Sunday, November 15, 2009

HexEdit // More RAW


So the second thing Joe Gilmore put me onto was a Yahoo group called Databenders. Now I was aware that was a community of people actually making glitch-influenced work, but this was a pretty big group - it has almost 1,200 posts. It would be quite easy to immerse yourself in this niche source hacking culture, it's not just visual, I think more than I realised music is a huge part of it. I already new about musicians like Atom TM, Pixel and Alva Noto on the Raster Noton Label but there were people promoting a ton of events in this group in the vain of these avant-garde audiovisual artists. It's funny 'cause I've pretty much spent the last two years trying to work out where my visual practice met my music production and there's never been a more obvious connection. Anyway, thats a whole other story, what I found in one of the posts was a link for HexEdit, it does pretty much the same job as TextEdit, but it organises any files data in a completely different way. I was almost starting to see patterns in the code, I felt like Keanu must've felt in The Matrix....
I tried similar techniques as before to glitchify data images, this was the file shown in the post showing the process of it being torn apart through source deletion in HexEdit...












Alternatively I compiled it as a looped animated gif here.
It was interesting exploring the process of taking apart an image - considering its just a data-sourced image in the first place - until it was unrecognisable as the original.
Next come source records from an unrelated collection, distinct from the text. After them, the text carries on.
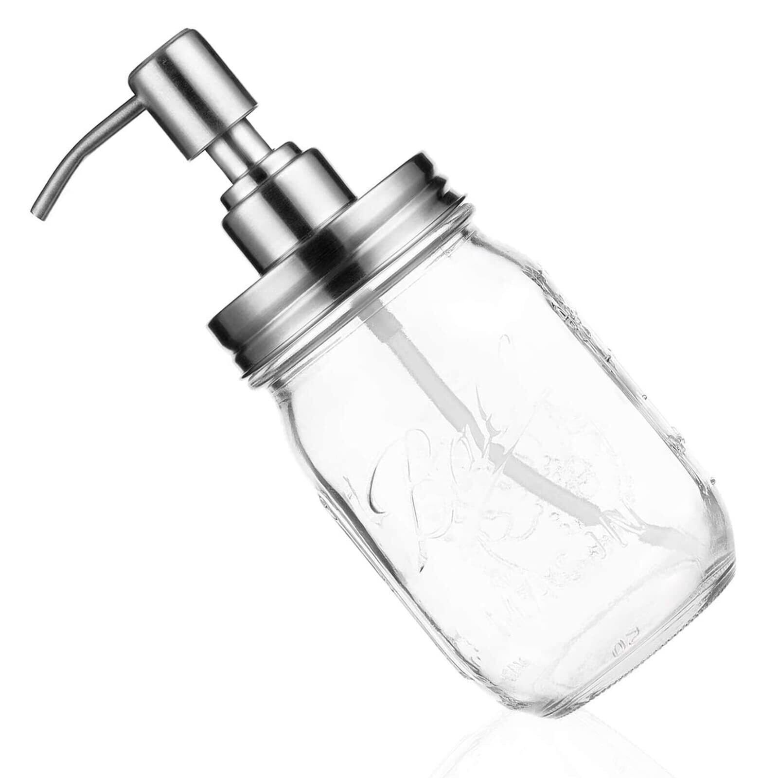 16オンス透明ガラスメイソンジャーソープディスペンサーステンレス鋼ポンプ19*8cm
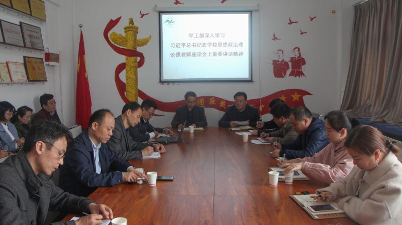 校团委书记于江傲领学了习近平总书记在学校思想政治理论课教师座谈会上的重要讲话精神。从思想政治教育的根本任务、对思想政治教育工作者六个方面的要求、思想政治教育改革创新八个“相统一”、以及加强制度保障等方面进行了深刻解读。学工部部长、学生处处长翟居怀要求广大学工干部要带头学习讲话精神,抓好思想政治教育的改革和创新,严格落实六项要求,将讲话精神在学生日常教育与管理中落到实处。
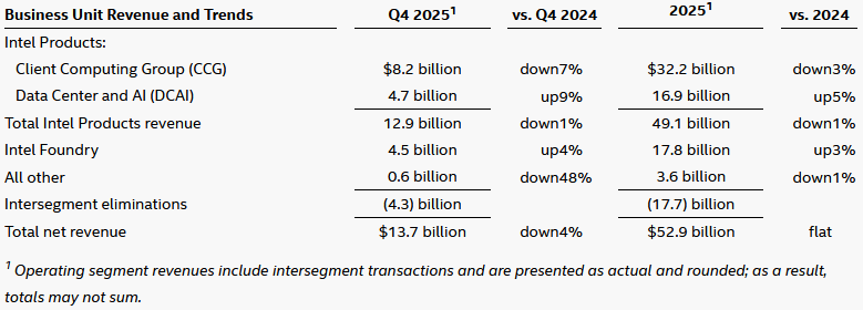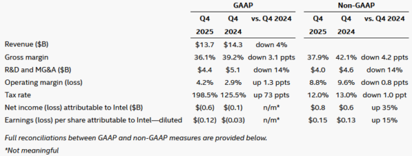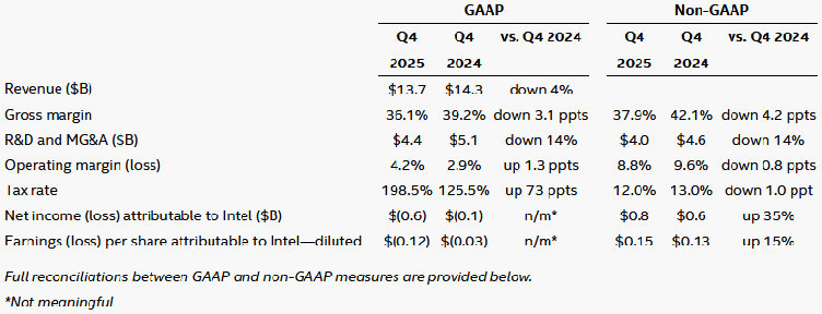 Intel Corporation today reported fourth-quarter and full-year 2025 financial results.

Just after the last one shown, it was un-openable as a jpeg and had to be opened as a .raw file again in Photoshop, this created visuals I hadn't ever seen before, because the file was corrupted so much, there was far less of a pattern to these. Here the are in various different settings...







I think more than anything I learnt from this task how little I know. At least HexEdit made a little more sense in terms of the way it organised the source code, but I still have no idea what meant what, I feel like I need to stop thinking about what I can make go wrong and start by actually learning about how to make a code work, from scratch. I may regret saying this so late in the game.